— Этой ночью, — чуть слышно прошептала Галина, — арестован машинист Заболотный.

— Заболотный? — вздрогнул Падалка.

— Этого следовало ожидать, — загородившись круглым зеркальцем, сказала все так же тихо Галина. — Полиция давно точила на него зубы. Ночью на землечерпалку…

— Что-нибудь нашли?

— Почти ничего. Главный склад у отца Серафима. Там всего надежней. — Малость помолчала, будто подкрашивая помадой губы, на самом же деле осматриваясь вокруг. — Хорошо, что вы возвращаетесь на фронт.

— Почему же Василек не предупредил меня?

— Он сам еще не знает. Ночью это случилось. Прямо с землечерпалки его и взяли.

Андрей снял фуражку и стал вытирать взмокший лоб. Он не мог понять, каким образом удалось так просто «накрыть» и упрятать Заболотного, умного, осторожного, опытного подпольщика. Вспомнились содержательные вечера за чаепитием в семье Заболотных. Сколько удивительных, неожиданных открытий довелось ему сделать в недолгом общении с машинистом-большевиком! Галина знала, в чьи руки отдать его, смелого степняка, одетого в ладно скроенный офицерский мундир. По-новому он начал оценивать себя и свои поступки, в ином свете предстал окружающий мир. В той рабочей комнатке над Днепром он впервые услышал имя Ленина. С первого взгляда могло показаться, что человек этот из ближайшей родни Заболотных, — с такой уважительностью и любовью упоминалось это имя. Впоследствии Андрей увидел подписанные Лениным статьи. В газетах, в припрятанных от полицейских глаз книжках.
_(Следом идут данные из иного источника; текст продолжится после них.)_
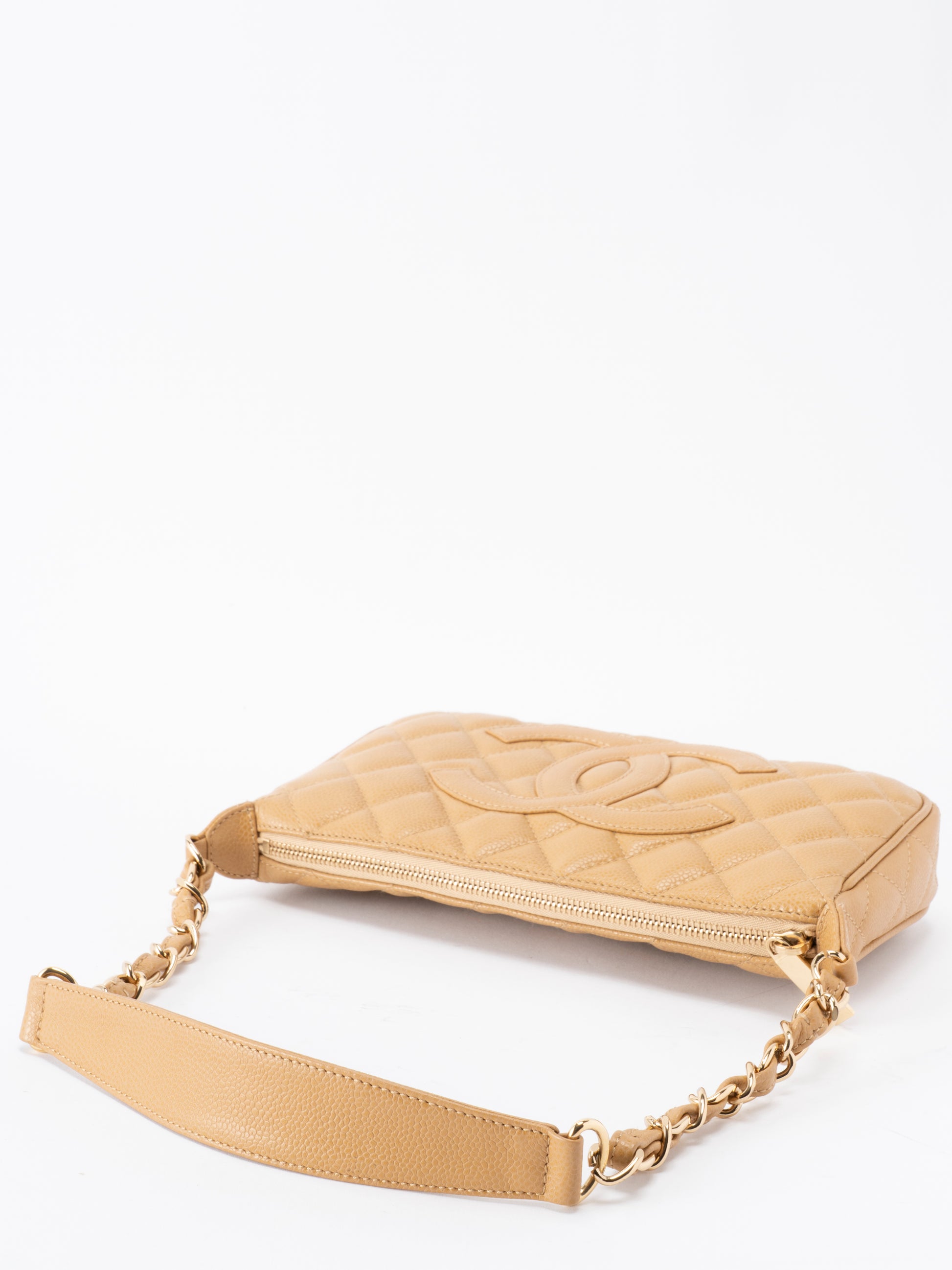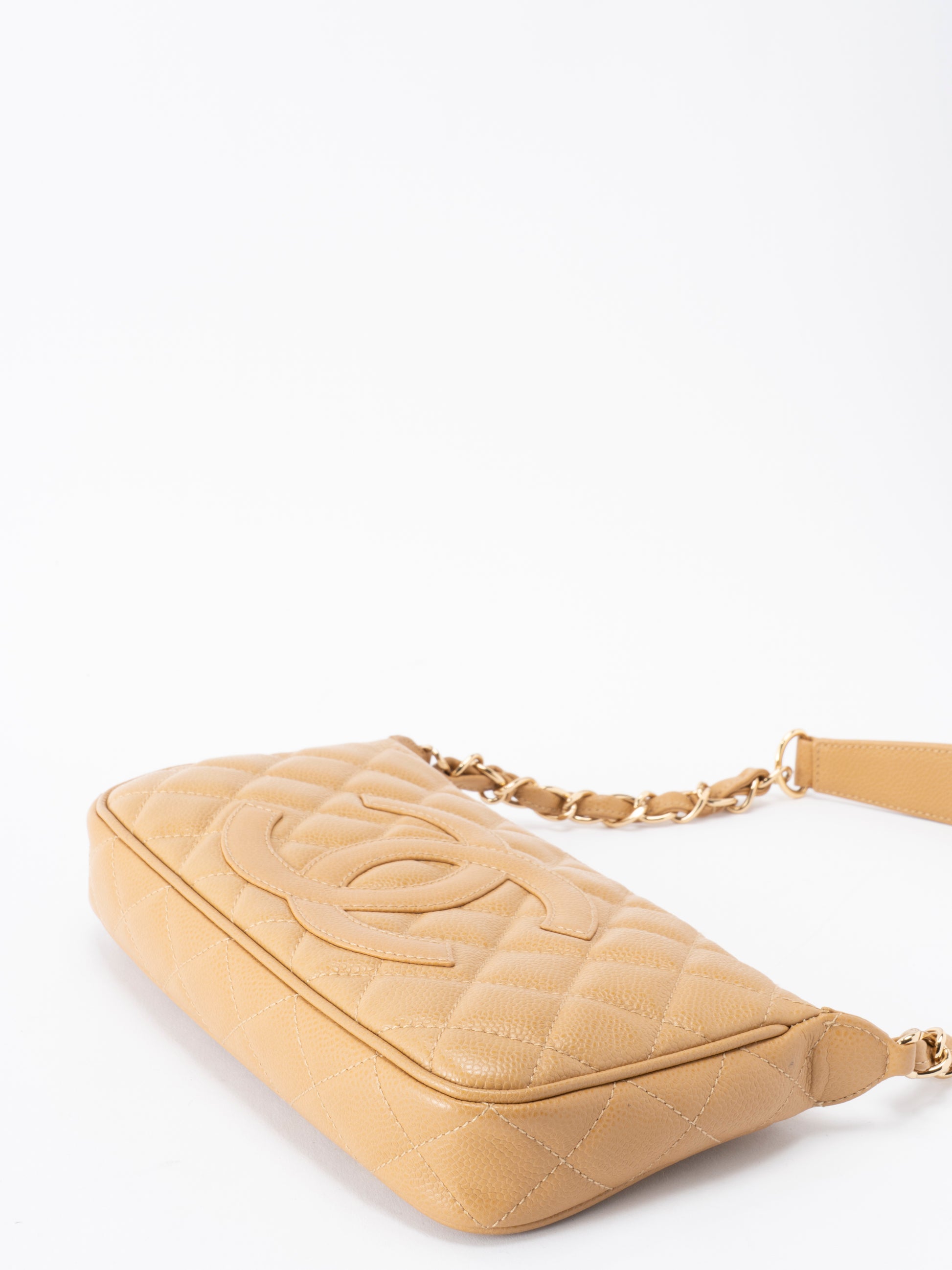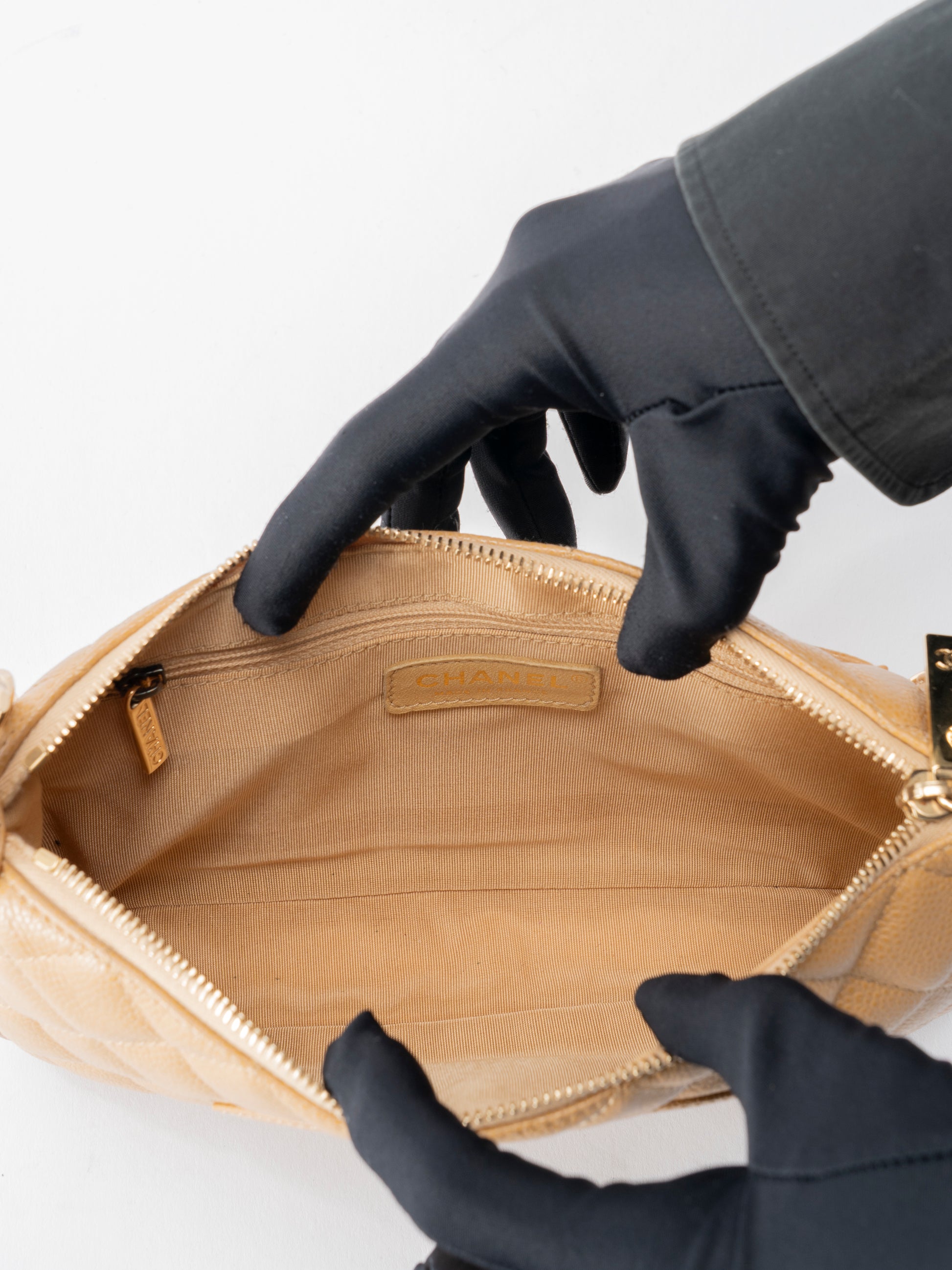 シャネル マトラッセ チェーンショルダーバッグ キャビアスキン ベージュ ゴールド金具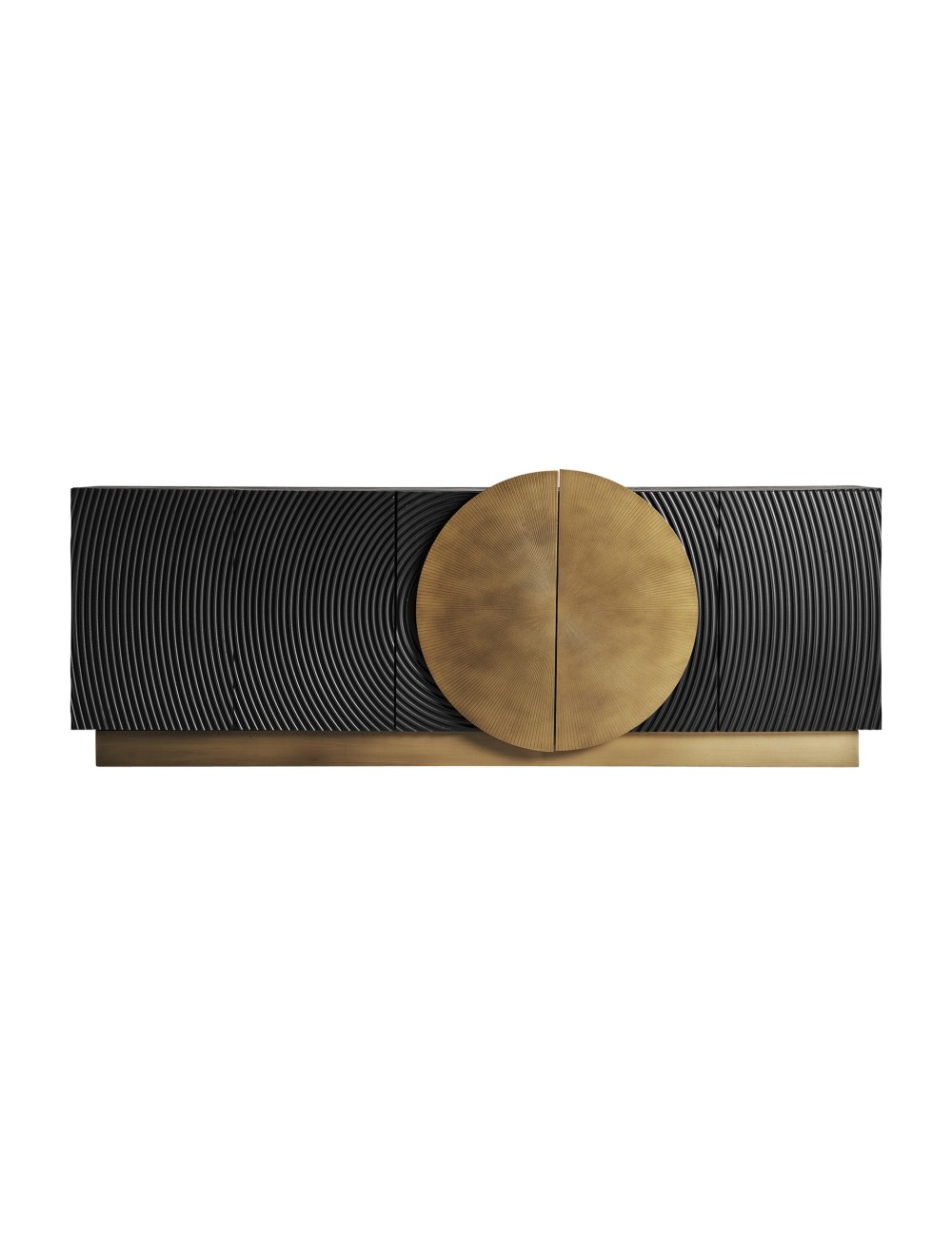Aparador dobeln, en color negro/oro, de estilo art deco. Fabricado en hierro, combinado con madera de mango.
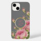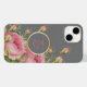Élégant étui téléphonique avec un arrière - plan gris orné d'un beau motif floral. De délicates roses roses aux feuilles verts créent un design charmant qui respire la grâce et la féminité. Au centre, un cercle jaune doré vous permet de personnaliser le coque avec vos initiales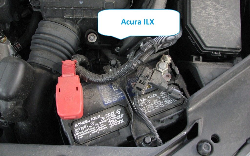 L'emplacement de la petite batterie de la ILX se situe à l'avant droit, facilement accessible.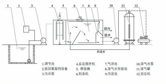 加壓溶氣氣浮在國內外應用廣泛,該法師將原水加壓至0.3~0.4MPA,同時通入空氣,使空氣溶解與水中并達到相應壓力狀態(tài)下的飽和值,然后驟然減至常壓,溶解于水中的空氣以微小氣泡的形式從水中釋放出來,氣泡直徑約為Ø20~Ø100μm左右,目前的基本流程有全部進水加壓溶氣氣浮、部分進水加壓溶氣氣浮、部分處理水回流加壓溶氣氣浮等三種,都是由加壓泵、溶氣罐、釋放器和氣浮池等基本設備組成。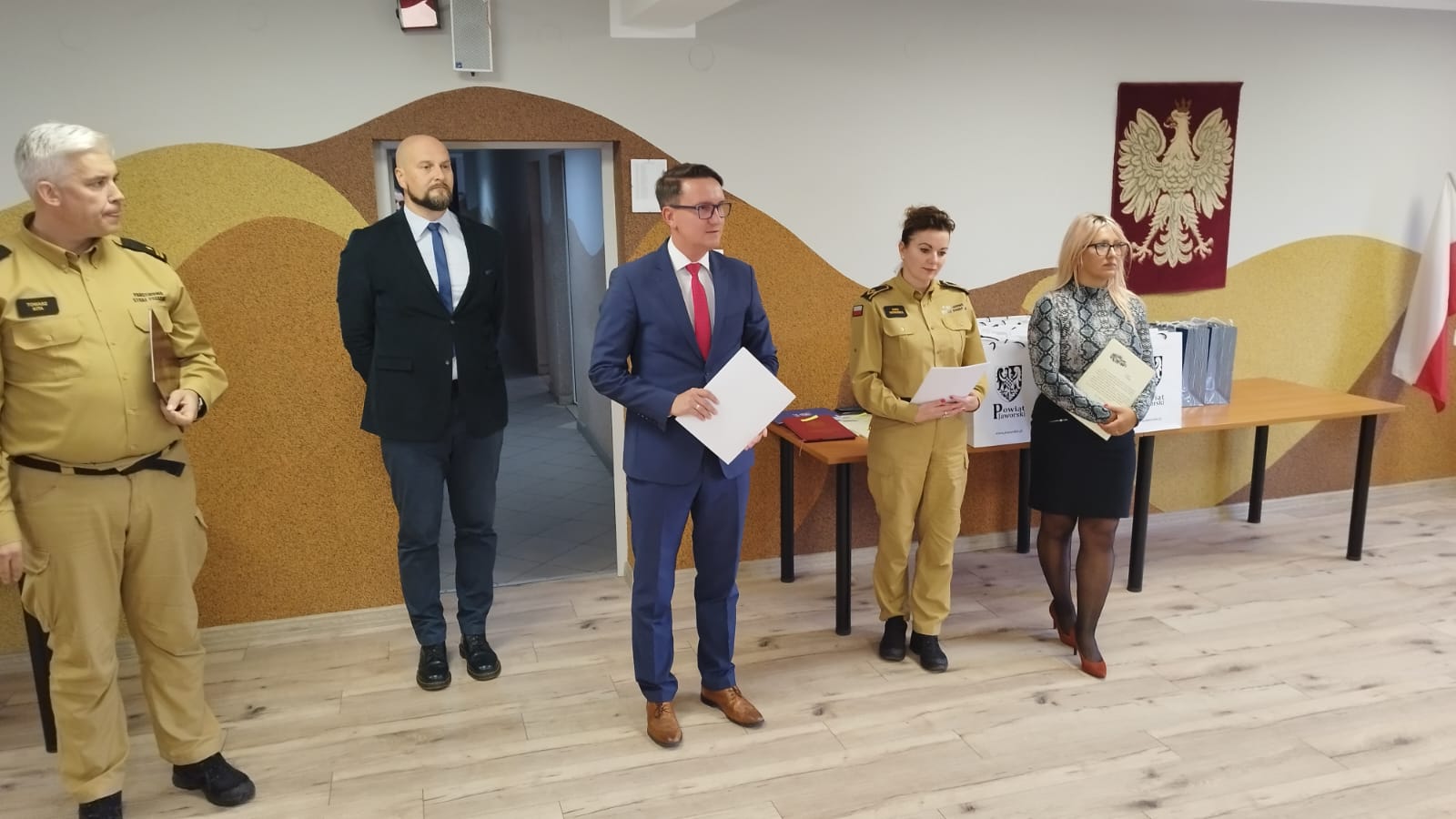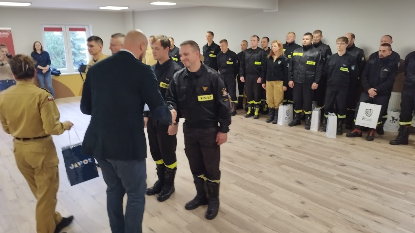 Komendanta Powiatowy PSP w Jaworze mł. bryg. Tomasz Kita wspólnie ze Starostą Jaworskim Michałem Bander złożyli podziękowania i wręczyli upominki dla strażaków z JRG Jawor oraz strażaków z jednostek OSP z Mściwojowa, Paszowic, Jawora, Sadów Dolnych i Kaczorowa za podjęcie działań humanitarnych w Kotlinie Kłodzkiej. Strażakom przekazano również podziękowania Wójta Gminy Kłodzko.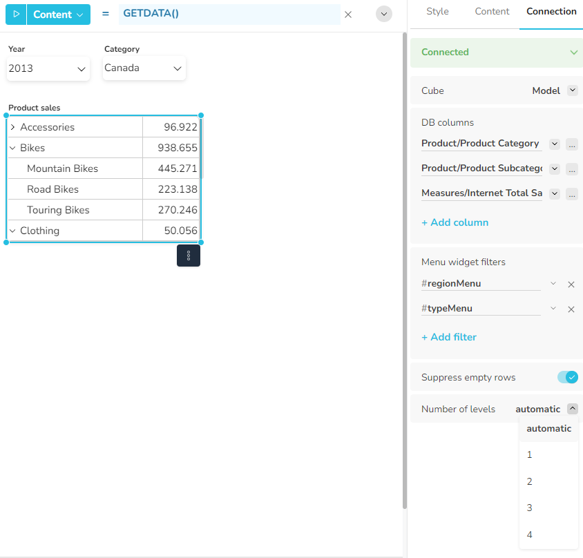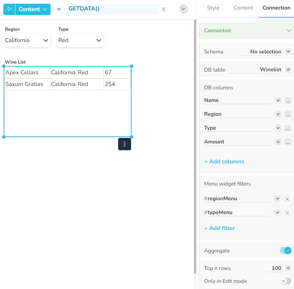 Im Menü DB Table / Cube können Sie die Datenbanktabelle, die View oder den Cube auswählen, dessen Inhalt im Widget angezeigt werden soll. Um den Inhalt abzurufen, verwenden Sie die Funktion GETDATA() ohne Parameter in der Formel Inhalt.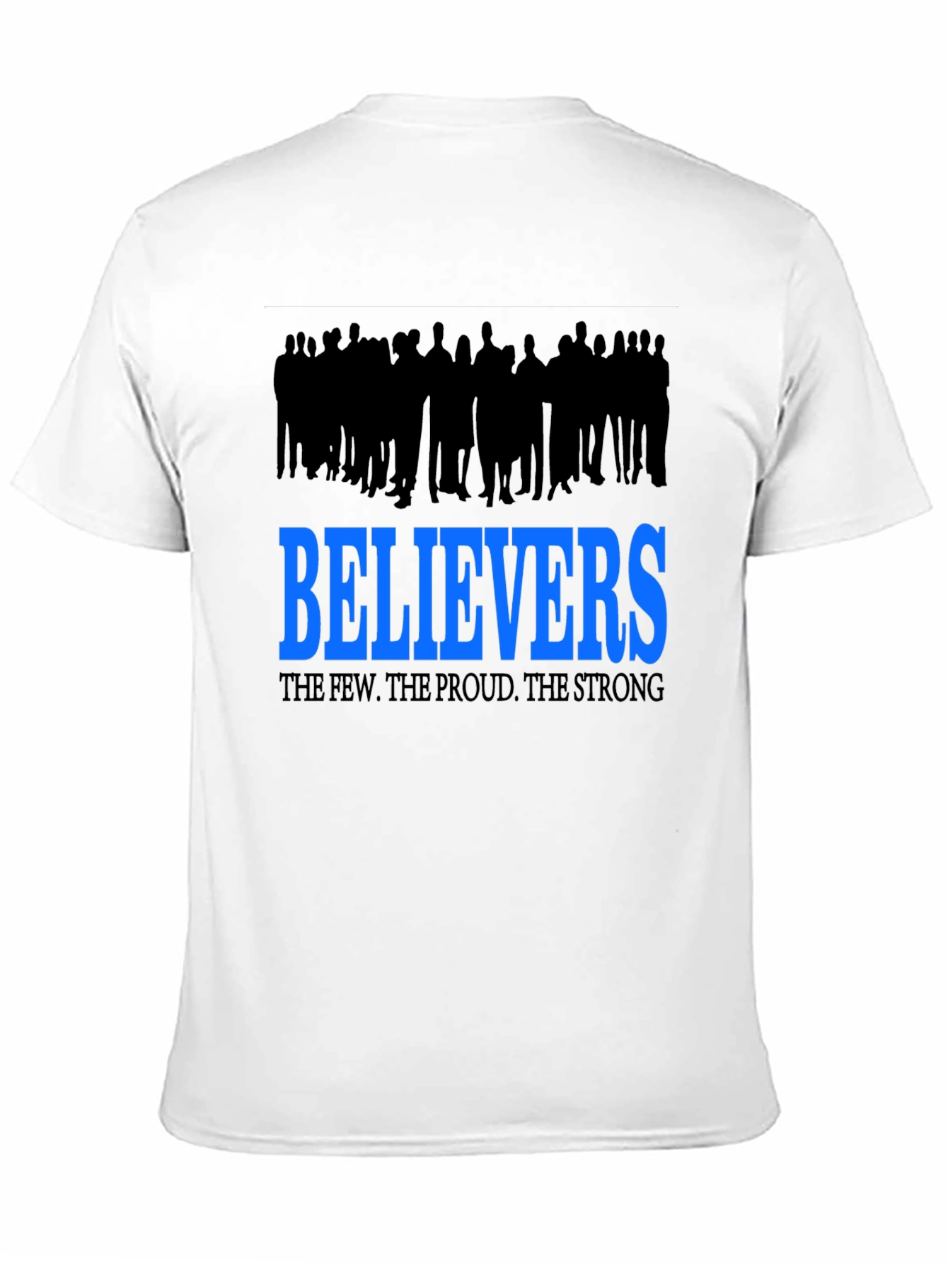 Show your conviction with this striking black t-shirt. This eye-catching tee features a bold, blue "BELIEVERS" print, underscored by the empowering slogan "THE FEW. THE PROUD. THE STRONG." Above the text, a silhouette of a crowd represents unity and strength in numbers. Crafted from a comfortable-looking fabric, this shirt is perfect for everyday wear. Whether you're making a statement or simply expressing yourself, this t-shirt is sure to inspire. Wear it with pride to events, casual outings, or anywhere you want to show what you believe in.

— Кто же он? — спрашивал Падалка. — Откуда у вас гордость за человека, которого в жизни не видели?

— Читайте, знакомьтесь с ним по его трудам, не сомневаюсь, он и ваше сердце завоюет.

Прочитанные статьи сделали свое дело. Постепенно, словно живые, они стали отвечать подпоручику Падалке на самые насущные вопросы, которые не давали ему покоя еще с ученических лет. По соседству с Гнединским училищем раскинулись поместья Смирнова, и совсем неподалеку в горькой нужде перебивалась Андреева мать с малыми детишками. Богатство и бедность, ложь и правда, зло и добро не могли мирно уживаться, и напрасно поп Григорович призывал народ любить ближнего. Затоптанный, ограбленный, однако не сломленный народ, подобно действующему вулкану, громыхал подземными громадами, сотрясал землю гневом, готовый прорваться новым, куда более мощным, куда более грозным девятьсот пятым годом, как только раздастся боевой клич к восстанию.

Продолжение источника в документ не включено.